Work to complete
Return each line below exactly as it reads, and omit any image in it.

▶

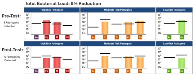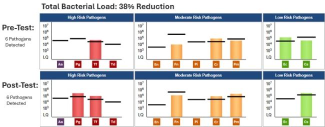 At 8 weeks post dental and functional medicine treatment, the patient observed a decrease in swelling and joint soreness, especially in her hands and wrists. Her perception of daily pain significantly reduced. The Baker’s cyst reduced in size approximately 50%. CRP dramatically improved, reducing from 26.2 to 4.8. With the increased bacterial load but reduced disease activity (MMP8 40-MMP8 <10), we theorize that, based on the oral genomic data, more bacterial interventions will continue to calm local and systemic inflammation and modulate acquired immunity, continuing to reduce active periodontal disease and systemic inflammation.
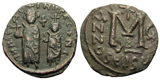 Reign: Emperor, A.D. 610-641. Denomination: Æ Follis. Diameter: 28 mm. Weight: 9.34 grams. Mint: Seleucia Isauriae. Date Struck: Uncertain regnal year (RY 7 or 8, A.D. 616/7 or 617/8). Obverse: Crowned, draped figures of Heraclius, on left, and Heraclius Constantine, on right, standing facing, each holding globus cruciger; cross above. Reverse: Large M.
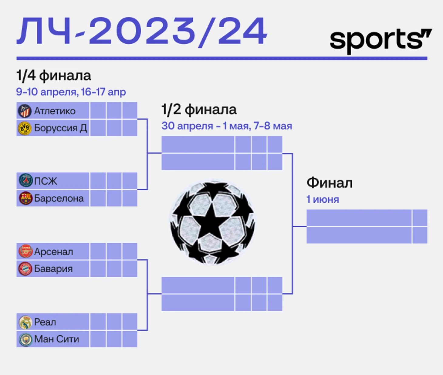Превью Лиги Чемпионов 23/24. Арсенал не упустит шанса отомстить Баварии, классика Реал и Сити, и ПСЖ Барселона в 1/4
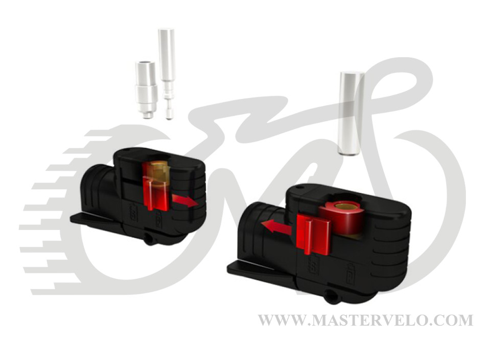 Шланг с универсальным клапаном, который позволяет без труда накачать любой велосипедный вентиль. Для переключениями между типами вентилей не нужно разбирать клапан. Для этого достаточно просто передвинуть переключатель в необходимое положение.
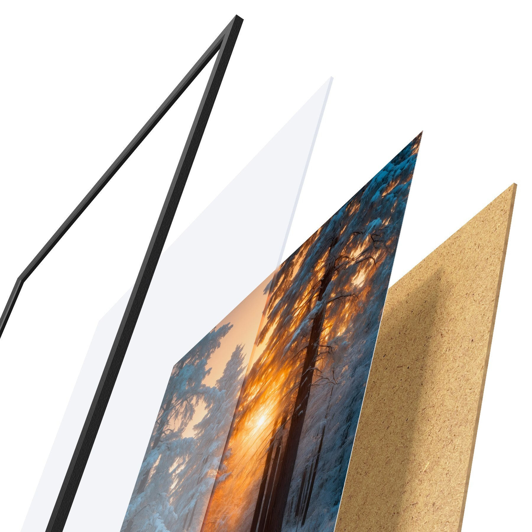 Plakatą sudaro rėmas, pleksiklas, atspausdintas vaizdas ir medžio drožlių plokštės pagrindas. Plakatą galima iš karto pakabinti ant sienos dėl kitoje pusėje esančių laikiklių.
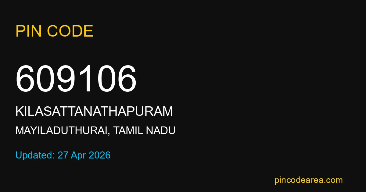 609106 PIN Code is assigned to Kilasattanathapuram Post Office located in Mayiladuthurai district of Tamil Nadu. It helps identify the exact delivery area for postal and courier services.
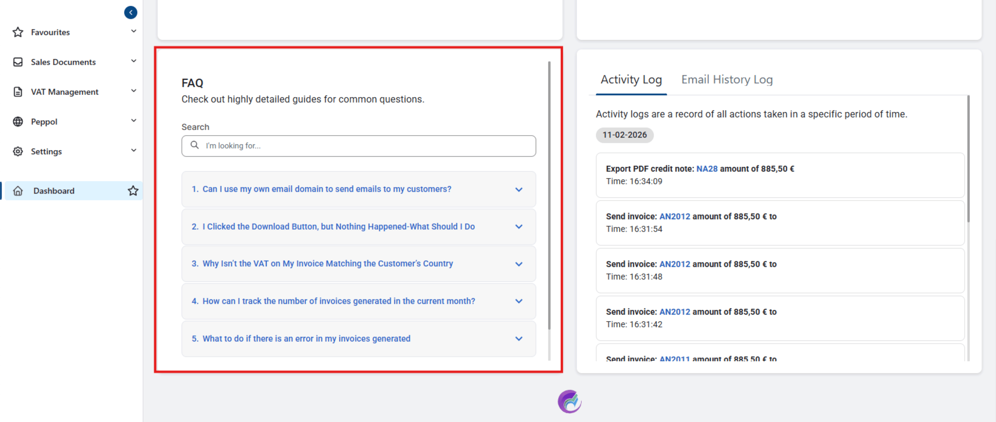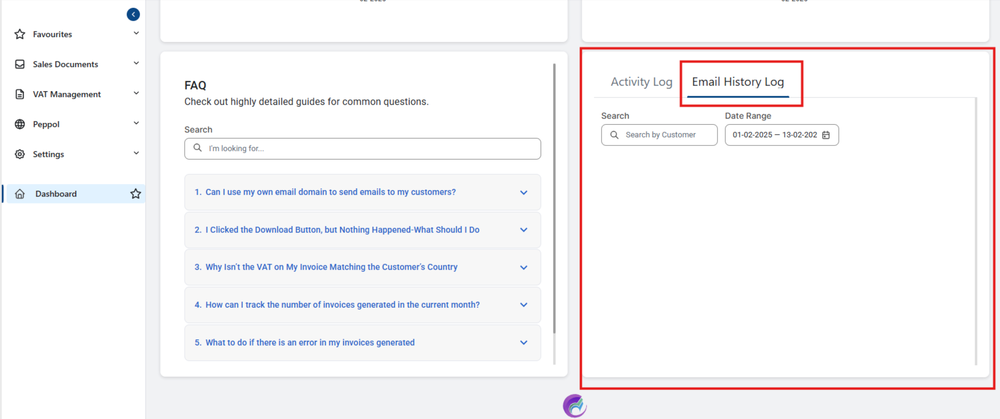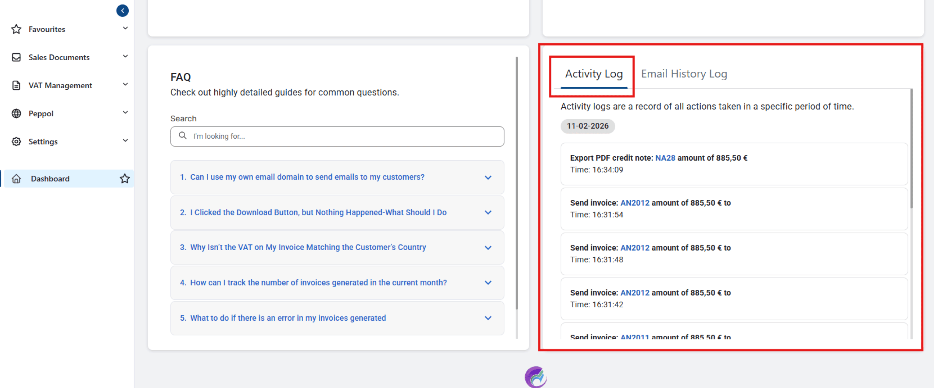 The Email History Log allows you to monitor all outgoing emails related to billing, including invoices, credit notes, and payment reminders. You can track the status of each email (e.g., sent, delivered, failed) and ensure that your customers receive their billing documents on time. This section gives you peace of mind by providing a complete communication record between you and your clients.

◀

Answer for this exercise
 At 8 weeks post dental and functional medicine treatment, the patient observed a decrease in swelling and joint soreness, especially in her hands and wrists. Her perception of daily pain significantly reduced. The Baker’s cyst reduced in size approximately 50%. CRP dramatically improved, reducing from 26.2 to 4.8. With the increased bacterial load but reduced disease activity (MMP8 40-MMP8 <10), we theorize that, based on the oral genomic data, more bacterial interventions will continue to calm local and systemic inflammation and modulate acquired immunity, continuing to reduce active periodontal disease and systemic inflammation.
 Reign: Emperor, A.D. 610-641. Denomination: Æ Follis. Diameter: 28 mm. Weight: 9.34 grams. Mint: Seleucia Isauriae. Date Struck: Uncertain regnal year (RY 7 or 8, A.D. 616/7 or 617/8). Obverse: Crowned, draped figures of Heraclius, on left, and Heraclius Constantine, on right, standing facing, each holding globus cruciger; cross above. Reverse: Large M.
Превью Лиги Чемпионов 23/24. Арсенал не упустит шанса отомстить Баварии, классика Реал и Сити, и ПСЖ Барселона в 1/4
 Шланг с универсальным клапаном, который позволяет без труда накачать любой велосипедный вентиль. Для переключениями между типами вентилей не нужно разбирать клапан. Для этого достаточно просто передвинуть переключатель в необходимое положение.
 Plakatą sudaro rėmas, pleksiklas, atspausdintas vaizdas ir medžio drožlių plokštės pagrindas. Plakatą galima iš karto pakabinti ant sienos dėl kitoje pusėje esančių laikiklių.
 609106 PIN Code is assigned to Kilasattanathapuram Post Office located in Mayiladuthurai district of Tamil Nadu. It helps identify the exact delivery area for postal and courier services.
 The Email History Log allows you to monitor all outgoing emails related to billing, including invoices, credit notes, and payment reminders. You can track the status of each email (e.g., sent, delivered, failed) and ensure that your customers receive their billing documents on time. This section gives you peace of mind by providing a complete communication record between you and your clients.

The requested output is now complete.